Work order
Transcribe the data below verbatim from the line with "2. Em seguida" to the line with "Жесткий защитный чехол". Include both of those lines.

Study material
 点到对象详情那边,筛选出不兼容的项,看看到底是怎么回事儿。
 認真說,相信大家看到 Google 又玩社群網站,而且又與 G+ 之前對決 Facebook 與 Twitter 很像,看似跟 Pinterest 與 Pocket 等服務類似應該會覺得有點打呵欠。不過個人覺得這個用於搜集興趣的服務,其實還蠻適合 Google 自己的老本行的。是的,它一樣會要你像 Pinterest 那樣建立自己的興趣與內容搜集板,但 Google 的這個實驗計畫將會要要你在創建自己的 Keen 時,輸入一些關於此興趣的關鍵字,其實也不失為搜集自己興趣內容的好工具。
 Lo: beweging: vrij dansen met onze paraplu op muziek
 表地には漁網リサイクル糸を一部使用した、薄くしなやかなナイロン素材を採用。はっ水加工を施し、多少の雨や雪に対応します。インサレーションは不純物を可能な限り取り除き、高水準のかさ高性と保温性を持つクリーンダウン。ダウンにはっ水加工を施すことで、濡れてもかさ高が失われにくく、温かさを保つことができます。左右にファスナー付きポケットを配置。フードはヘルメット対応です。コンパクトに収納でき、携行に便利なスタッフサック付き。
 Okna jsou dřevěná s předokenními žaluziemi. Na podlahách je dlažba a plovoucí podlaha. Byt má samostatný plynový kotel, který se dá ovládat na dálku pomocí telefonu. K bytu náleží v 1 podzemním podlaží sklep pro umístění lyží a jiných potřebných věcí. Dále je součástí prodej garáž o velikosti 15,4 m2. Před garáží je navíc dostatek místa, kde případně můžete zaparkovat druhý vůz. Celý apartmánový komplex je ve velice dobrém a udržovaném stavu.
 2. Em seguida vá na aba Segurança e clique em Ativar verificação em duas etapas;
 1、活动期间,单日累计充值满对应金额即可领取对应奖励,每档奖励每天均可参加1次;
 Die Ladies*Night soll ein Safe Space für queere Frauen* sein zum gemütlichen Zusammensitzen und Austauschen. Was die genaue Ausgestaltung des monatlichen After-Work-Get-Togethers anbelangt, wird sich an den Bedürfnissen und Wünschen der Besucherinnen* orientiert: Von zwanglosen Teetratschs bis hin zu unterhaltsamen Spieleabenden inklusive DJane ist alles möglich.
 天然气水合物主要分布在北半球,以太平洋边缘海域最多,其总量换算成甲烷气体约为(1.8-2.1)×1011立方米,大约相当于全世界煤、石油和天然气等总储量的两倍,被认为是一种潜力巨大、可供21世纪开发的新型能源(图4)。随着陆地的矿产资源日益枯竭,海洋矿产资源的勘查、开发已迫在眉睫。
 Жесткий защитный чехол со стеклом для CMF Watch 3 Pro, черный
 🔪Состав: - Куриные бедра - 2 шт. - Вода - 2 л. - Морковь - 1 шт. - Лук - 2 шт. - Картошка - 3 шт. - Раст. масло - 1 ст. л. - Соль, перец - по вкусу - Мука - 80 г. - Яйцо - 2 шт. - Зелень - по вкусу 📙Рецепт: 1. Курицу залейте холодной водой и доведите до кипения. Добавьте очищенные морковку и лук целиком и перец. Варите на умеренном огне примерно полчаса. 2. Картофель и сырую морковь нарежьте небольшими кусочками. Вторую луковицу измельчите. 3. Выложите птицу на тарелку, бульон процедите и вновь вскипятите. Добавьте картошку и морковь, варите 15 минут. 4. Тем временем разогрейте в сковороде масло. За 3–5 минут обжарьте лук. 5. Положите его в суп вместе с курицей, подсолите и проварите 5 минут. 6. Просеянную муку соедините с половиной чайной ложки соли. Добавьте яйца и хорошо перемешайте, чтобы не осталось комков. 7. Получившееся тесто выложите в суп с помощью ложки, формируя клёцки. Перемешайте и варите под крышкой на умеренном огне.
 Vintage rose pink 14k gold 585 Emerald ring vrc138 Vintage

Solution to the exercise
 2. Em seguida vá na aba Segurança e clique em Ativar verificação em duas etapas;
 1、活动期间,单日累计充值满对应金额即可领取对应奖励,每档奖励每天均可参加1次;
 Die Ladies*Night soll ein Safe Space für queere Frauen* sein zum gemütlichen Zusammensitzen und Austauschen. Was die genaue Ausgestaltung des monatlichen After-Work-Get-Togethers anbelangt, wird sich an den Bedürfnissen und Wünschen der Besucherinnen* orientiert: Von zwanglosen Teetratschs bis hin zu unterhaltsamen Spieleabenden inklusive DJane ist alles möglich.
 天然气水合物主要分布在北半球,以太平洋边缘海域最多,其总量换算成甲烷气体约为(1.8-2.1)×1011立方米,大约相当于全世界煤、石油和天然气等总储量的两倍,被认为是一种潜力巨大、可供21世纪开发的新型能源(图4)。随着陆地的矿产资源日益枯竭,海洋矿产资源的勘查、开发已迫在眉睫。
 Жесткий защитный чехол со стеклом для CMF Watch 3 Pro, черный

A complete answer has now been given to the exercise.